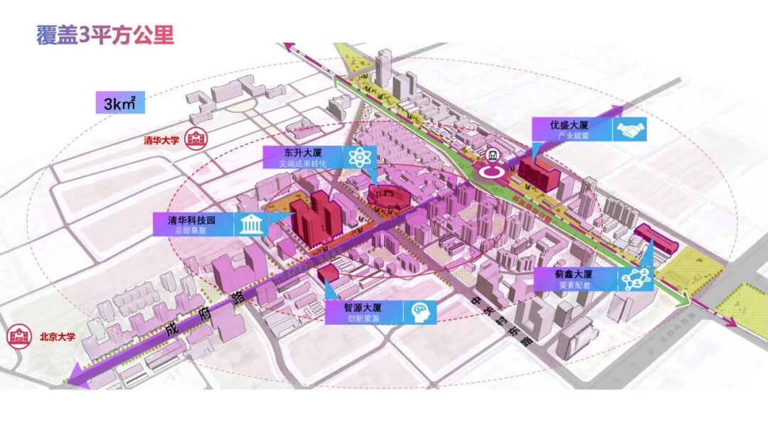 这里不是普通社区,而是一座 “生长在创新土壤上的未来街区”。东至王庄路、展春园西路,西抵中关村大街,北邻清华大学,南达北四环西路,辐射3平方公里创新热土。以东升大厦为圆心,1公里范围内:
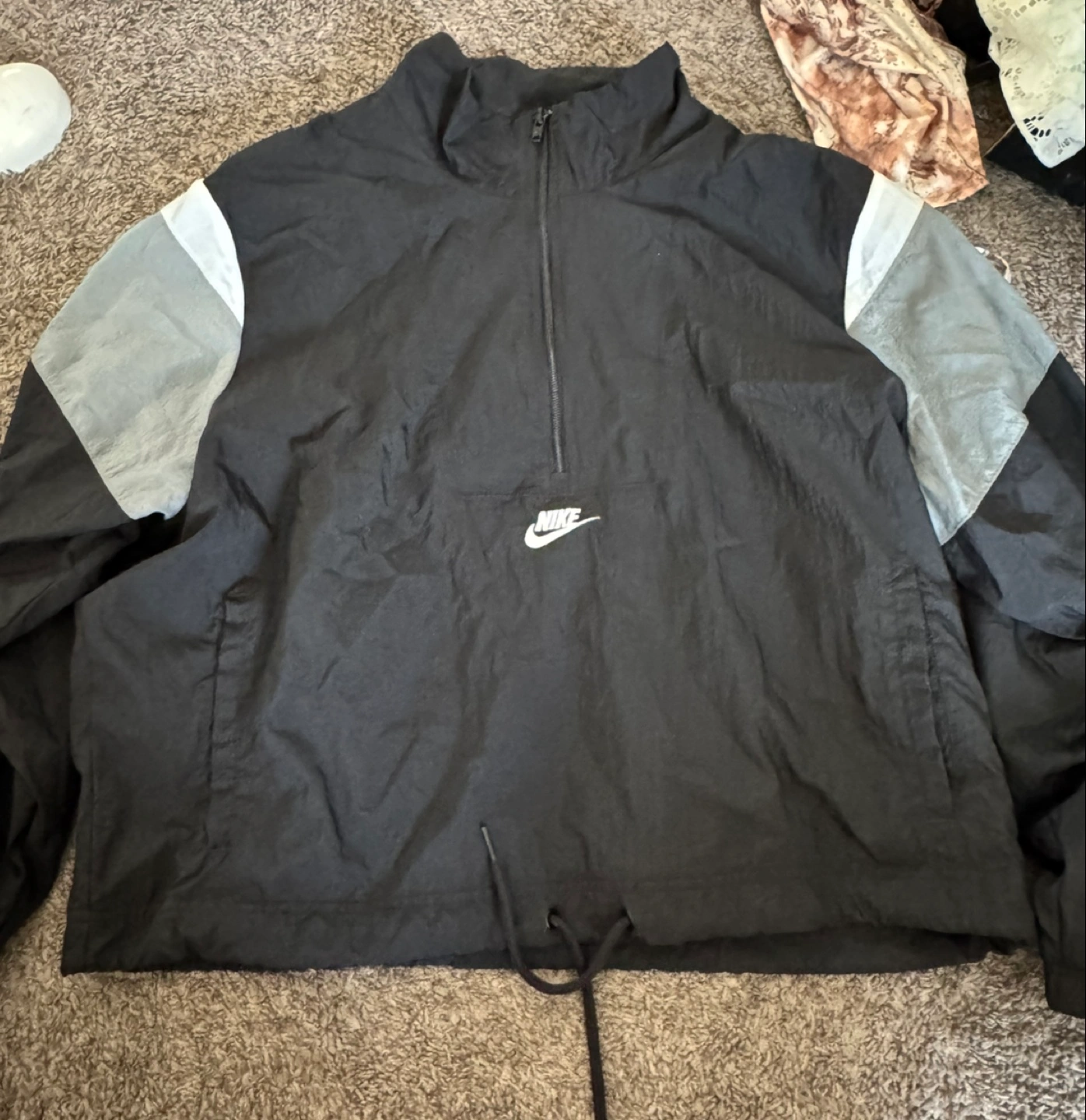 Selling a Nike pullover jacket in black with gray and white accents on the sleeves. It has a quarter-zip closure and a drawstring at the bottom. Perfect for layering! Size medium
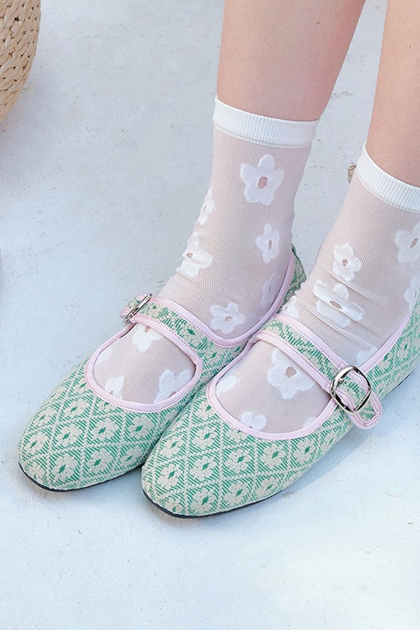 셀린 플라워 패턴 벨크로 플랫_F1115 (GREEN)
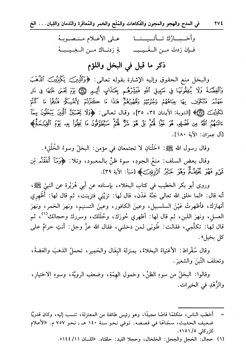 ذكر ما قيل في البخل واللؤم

Prompt: Your copy must begin at the line containing "Selling a Nike" and end at the last line of the material above. Reproduce each line exactly, but not the pictures.

Expected output:
 Selling a Nike pullover jacket in black with gray and white accents on the sleeves. It has a quarter-zip closure and a drawstring at the bottom. Perfect for layering! Size medium
 셀린 플라워 패턴 벨크로 플랫_F1115 (GREEN)
 ذكر ما قيل في البخل واللؤم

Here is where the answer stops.